Profane triathlete (@WattieInk, @PowerBarTeam Elite; @DarkHorseTri), architectural historian, fembot, yoga girl, and sea otter enthusiast.

Aside

Just for the Fun of Making It Hurt

Busy weekend!

I filled last week with a missed workout or two, some junky sleepless nights, and just a touch of social media excitement. It all led up to a fun, low-key weekend of local events.

Saturday…

…we participated in the Great Race of Agoura, which actually consists of FIVE point-to-point races held simultaneously, all with one finish line.
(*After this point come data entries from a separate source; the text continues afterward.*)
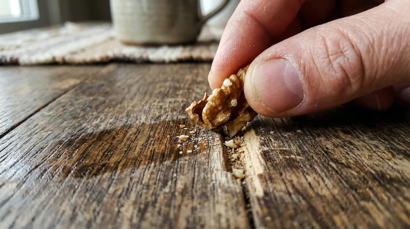 The next time you hear that awful scraping sound, you do not need to panic. You do not need to mask the smell of chemical markers or accept a synthetic eyesore in the middle of your dining room. Just walk to the kitchen, crack open a walnut, and let the wood heal itself.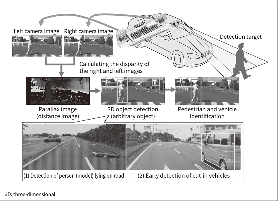 A feature of Hitachi’s stereo-cameras is that they use both stereoscopic vision and AI-based object identification processing to achieve sensing that has a low processing load and is robust against environmental changes. In stereoscopic vision, the object is captured in three dimensions by using two cameras to measure distance. Even objects with unknown shapes or patterns can be detected, making it possible to detect objects and measure distances even when the entire object is not visible. By utilizing this characteristic of stereoscopic vision, for example, as shown in (1) of Figure 2, even obstacles whose shape cannot be identified beforehand, such as a person lying on the road, can be detected without going through the process of prior learning that is required for monocular cameras. As another example, as shown in (2) of Figure 2, the shape and distance of a vehicle can be identified even in a situation where a vehicle that cuts in front of your car is not entirely visible. These features of Hitachi’s stereo-camera enables stable sensing functions even in complex driving environments.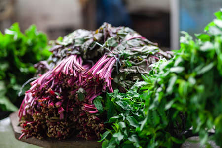 Top view of a traditional Thai vegetable market display with bundles of fresh green leafy vegetables and herbs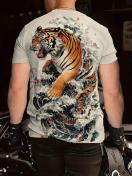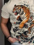 メンズ3DデジタルプリントタイガーグラフィックTシャツ - 鮮やかな山と波のデザイン、通気性のある半袖、カジュアルストリートウェア、四季を通じて快適なフィット感、アオールシーズンアパレル | 大胆なグラフィックティー | 耐久性のある印刷品質、タイガーシャツ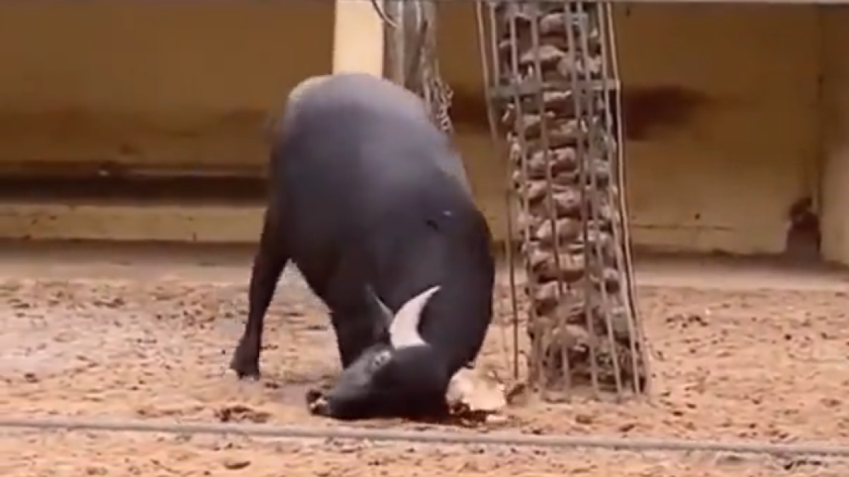 Es crea expectació entre un grup de joves en veure en directe com un búfal ajuda a una tortuga en un zoo. El vídeo mostra com l'animal bòvid fa capgirar amb la seva corna la tortuga que havia quedat a l'inrevés, posició que impossibilita el seu moviment. Després d'uns intants, en aconseguir-ho, els visitants aplaudeixen exaltats.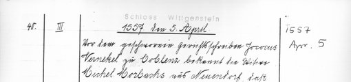 | 1557-04-05 | Archiv: Laasphe, Fürstliches Archiv Benutzungsort: Fürstliches Archiv zu Sayn-Wittgenstein-Hohenstein Bestand: Urkunden | Regest | |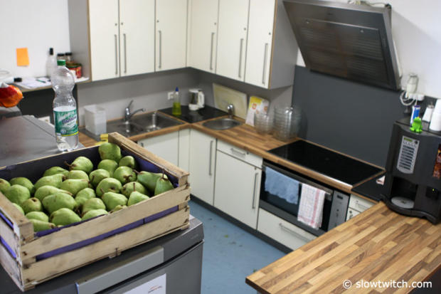 The lightweight crew has a nice kitchen a chef who is originally from Holland at their disposal at lunch time. The Boss wants the employees to have good and fresh food.

The races include: two half-marathons –the Pacific which winds on paved roads through the Santa Monica Mountains (hilly), and the Chesebro which follows the trail we train on several times a week (hilly); the 10k meanders through Old Agoura (hilly); the Deena Kastor 5k on some of the same roads (kinda hilly); and a one mile (hopefully not too hilly).

It’s a great event, and one that I would have signed up for and jogged through just to supplement a training day. I thought about participating in one of the half marathons thusly, but Coach Steve is on a mission to teach me how to race. That doesn’t mean go nuts every weekend so much as it means target something, train mindfully toward it (but not to the detriment of the big picture training plan), and focus up at the start line. Basically, I need to learn how to make it hurt.

So, fine, the 10k it is.

10k is a great distance because, like a sprint triathlon, the pain doesn’t last long. An hour of threshold work exhibits fitness and demonstrates progress, but the purple face/pounding heart/angry quads hurt goes away within five minutes and it doesn’t require a ton of recovery time. That means, in turn, I don’t get a by for a three hour ride later the same afternoon.

"running"

“running”

Dusty and I drove the course once, and he scouted it race week during a training run. He devised a pretty brilliant pacing plan for its rather tricky terrain that was basically “don’t try anything for the first half, then don’t push on this hill or you’ll be walking the next.”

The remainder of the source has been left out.